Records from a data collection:
▼

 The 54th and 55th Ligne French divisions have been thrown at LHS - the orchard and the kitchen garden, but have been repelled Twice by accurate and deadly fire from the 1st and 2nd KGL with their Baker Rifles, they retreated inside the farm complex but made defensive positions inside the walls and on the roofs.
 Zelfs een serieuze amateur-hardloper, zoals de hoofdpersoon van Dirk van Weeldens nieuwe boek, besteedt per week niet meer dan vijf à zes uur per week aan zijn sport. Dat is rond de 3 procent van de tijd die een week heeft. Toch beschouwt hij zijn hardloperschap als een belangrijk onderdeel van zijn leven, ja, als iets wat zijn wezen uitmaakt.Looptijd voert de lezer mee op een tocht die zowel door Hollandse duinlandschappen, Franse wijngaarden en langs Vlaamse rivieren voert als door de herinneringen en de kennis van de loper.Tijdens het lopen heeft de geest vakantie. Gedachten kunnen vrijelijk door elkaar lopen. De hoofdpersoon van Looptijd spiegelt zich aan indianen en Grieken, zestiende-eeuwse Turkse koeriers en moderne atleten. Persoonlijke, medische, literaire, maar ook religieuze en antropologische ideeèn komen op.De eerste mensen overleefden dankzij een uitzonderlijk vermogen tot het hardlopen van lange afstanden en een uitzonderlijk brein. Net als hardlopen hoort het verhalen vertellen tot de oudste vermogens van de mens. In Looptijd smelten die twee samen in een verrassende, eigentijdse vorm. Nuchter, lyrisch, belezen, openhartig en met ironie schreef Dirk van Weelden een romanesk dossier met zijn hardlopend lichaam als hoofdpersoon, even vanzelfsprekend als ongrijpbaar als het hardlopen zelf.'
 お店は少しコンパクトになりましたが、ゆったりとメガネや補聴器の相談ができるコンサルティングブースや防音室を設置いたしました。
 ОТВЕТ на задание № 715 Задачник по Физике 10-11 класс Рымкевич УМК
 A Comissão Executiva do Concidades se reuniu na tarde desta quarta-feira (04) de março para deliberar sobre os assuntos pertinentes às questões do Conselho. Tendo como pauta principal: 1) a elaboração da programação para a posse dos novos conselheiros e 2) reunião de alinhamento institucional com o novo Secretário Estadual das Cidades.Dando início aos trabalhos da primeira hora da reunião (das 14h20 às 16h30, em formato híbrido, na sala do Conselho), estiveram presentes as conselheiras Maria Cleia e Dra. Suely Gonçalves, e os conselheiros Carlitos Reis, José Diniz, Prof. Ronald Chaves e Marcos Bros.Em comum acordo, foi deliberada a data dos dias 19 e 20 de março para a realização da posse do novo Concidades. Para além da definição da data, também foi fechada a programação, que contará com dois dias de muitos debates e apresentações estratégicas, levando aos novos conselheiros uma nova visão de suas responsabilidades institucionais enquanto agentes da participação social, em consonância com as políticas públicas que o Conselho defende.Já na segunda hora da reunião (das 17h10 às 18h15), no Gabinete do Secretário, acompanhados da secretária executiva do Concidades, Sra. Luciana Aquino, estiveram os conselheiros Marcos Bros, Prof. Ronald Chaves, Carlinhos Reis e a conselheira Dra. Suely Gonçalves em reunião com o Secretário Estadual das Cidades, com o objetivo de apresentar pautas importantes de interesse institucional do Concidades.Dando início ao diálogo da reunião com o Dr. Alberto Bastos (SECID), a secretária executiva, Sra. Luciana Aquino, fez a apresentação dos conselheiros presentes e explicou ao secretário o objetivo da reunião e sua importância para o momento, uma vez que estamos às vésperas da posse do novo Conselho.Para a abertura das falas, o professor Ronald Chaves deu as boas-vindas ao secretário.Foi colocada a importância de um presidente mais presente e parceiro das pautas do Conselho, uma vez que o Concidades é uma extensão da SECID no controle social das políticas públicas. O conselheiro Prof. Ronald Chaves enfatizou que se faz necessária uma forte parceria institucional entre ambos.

▲
▼

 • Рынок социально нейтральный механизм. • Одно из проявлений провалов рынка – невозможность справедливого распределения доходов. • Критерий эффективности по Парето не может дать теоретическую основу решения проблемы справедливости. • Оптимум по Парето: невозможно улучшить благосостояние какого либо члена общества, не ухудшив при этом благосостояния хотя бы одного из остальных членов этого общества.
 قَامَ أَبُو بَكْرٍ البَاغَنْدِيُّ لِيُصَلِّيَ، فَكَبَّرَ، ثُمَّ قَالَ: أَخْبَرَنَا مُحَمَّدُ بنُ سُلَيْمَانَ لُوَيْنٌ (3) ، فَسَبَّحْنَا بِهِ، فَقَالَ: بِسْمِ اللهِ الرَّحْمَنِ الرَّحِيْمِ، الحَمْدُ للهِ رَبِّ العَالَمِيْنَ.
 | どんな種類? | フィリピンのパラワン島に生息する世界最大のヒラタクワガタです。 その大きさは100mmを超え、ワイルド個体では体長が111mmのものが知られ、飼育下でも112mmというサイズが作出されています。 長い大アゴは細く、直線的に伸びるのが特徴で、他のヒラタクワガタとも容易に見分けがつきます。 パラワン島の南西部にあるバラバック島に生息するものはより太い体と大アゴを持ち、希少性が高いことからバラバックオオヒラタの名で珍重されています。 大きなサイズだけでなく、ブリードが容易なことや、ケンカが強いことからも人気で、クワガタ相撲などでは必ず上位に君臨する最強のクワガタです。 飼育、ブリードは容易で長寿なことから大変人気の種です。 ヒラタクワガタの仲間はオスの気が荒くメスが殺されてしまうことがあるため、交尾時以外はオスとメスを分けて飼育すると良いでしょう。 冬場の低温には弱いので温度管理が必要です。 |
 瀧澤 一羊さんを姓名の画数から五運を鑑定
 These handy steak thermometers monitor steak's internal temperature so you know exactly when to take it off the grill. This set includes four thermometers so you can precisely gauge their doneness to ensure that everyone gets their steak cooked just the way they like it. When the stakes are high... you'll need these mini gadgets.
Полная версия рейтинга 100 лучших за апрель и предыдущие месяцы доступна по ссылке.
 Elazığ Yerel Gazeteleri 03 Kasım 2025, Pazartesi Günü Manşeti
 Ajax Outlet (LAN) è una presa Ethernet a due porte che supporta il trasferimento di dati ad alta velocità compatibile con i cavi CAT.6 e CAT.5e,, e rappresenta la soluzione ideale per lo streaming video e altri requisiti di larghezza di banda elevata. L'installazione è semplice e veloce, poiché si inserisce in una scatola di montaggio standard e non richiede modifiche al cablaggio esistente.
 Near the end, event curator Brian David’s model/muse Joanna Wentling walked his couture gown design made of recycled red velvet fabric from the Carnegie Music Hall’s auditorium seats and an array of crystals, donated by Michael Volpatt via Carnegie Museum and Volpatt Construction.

▲
▼

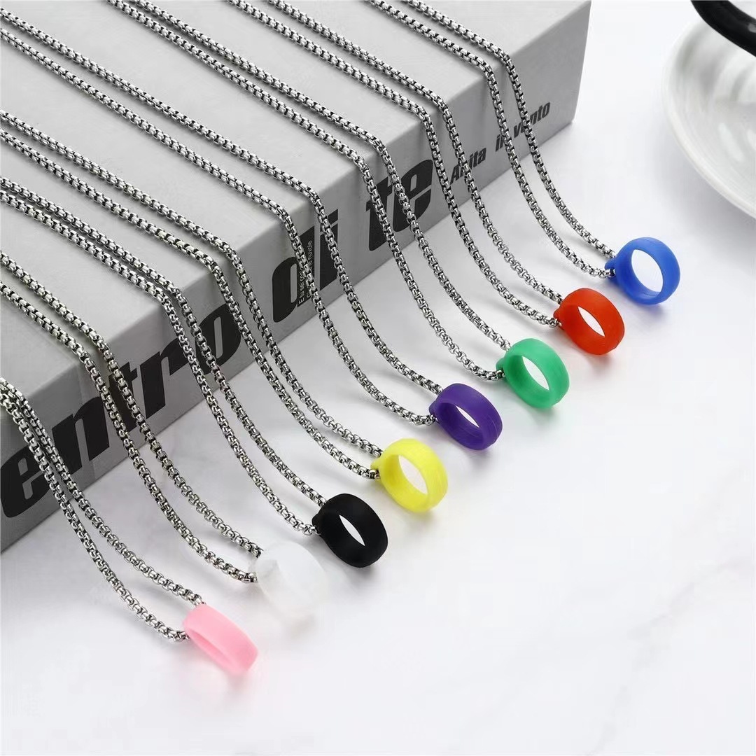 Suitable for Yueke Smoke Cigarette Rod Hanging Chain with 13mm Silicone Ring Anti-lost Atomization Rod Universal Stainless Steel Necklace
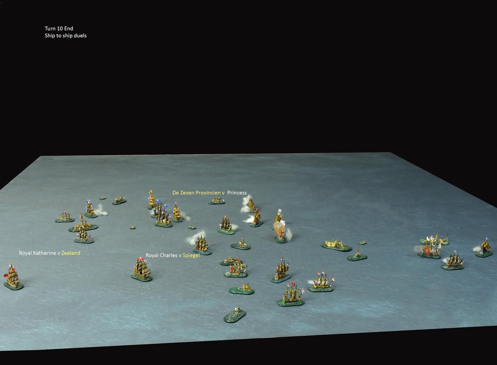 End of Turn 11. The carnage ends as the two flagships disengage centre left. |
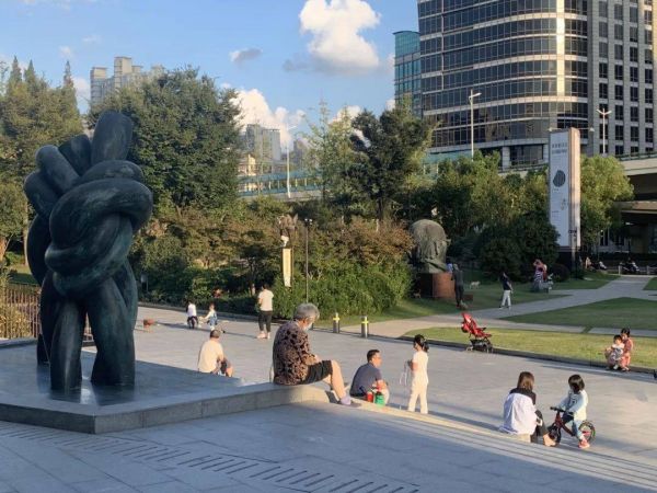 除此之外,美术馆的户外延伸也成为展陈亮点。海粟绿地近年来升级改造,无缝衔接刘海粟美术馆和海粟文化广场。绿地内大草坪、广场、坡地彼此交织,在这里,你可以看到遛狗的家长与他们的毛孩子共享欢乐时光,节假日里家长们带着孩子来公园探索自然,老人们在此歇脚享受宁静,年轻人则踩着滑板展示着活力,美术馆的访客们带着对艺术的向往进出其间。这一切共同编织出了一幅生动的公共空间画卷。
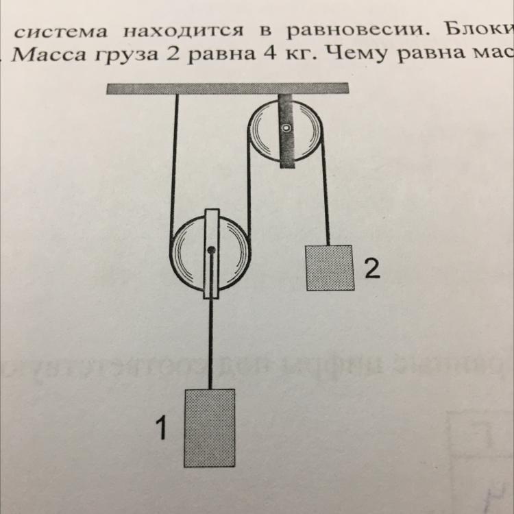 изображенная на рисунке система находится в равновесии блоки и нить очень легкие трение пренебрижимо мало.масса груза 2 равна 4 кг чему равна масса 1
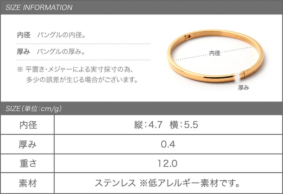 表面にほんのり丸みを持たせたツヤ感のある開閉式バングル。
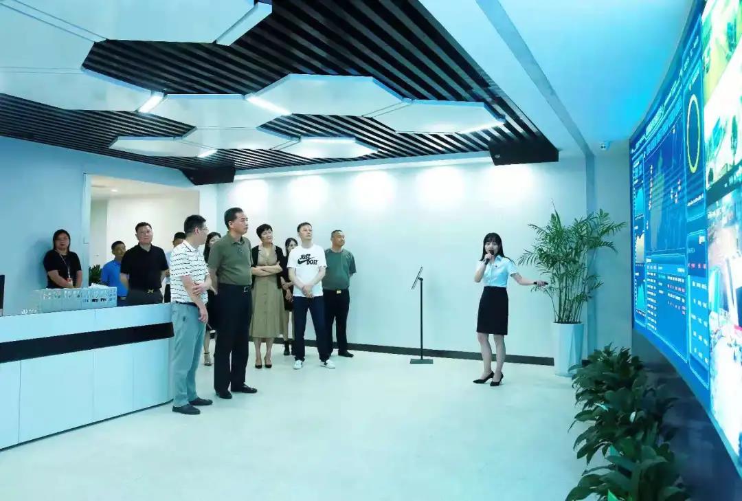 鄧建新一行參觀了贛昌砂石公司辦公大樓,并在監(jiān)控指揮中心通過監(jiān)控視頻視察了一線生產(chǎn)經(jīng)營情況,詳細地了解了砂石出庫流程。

▲

#### Your objective
Please give an exact copy of the entries above, from the line with "These handy steak" down to the line with "Полная версия рейтинга", inclusive, and nothing else.

#### Your solution
 These handy steak thermometers monitor steak's internal temperature so you know exactly when to take it off the grill. This set includes four thermometers so you can precisely gauge their doneness to ensure that everyone gets their steak cooked just the way they like it. When the stakes are high... you'll need these mini gadgets.
Полная версия рейтинга 100 лучших за апрель и предыдущие месяцы доступна по ссылке.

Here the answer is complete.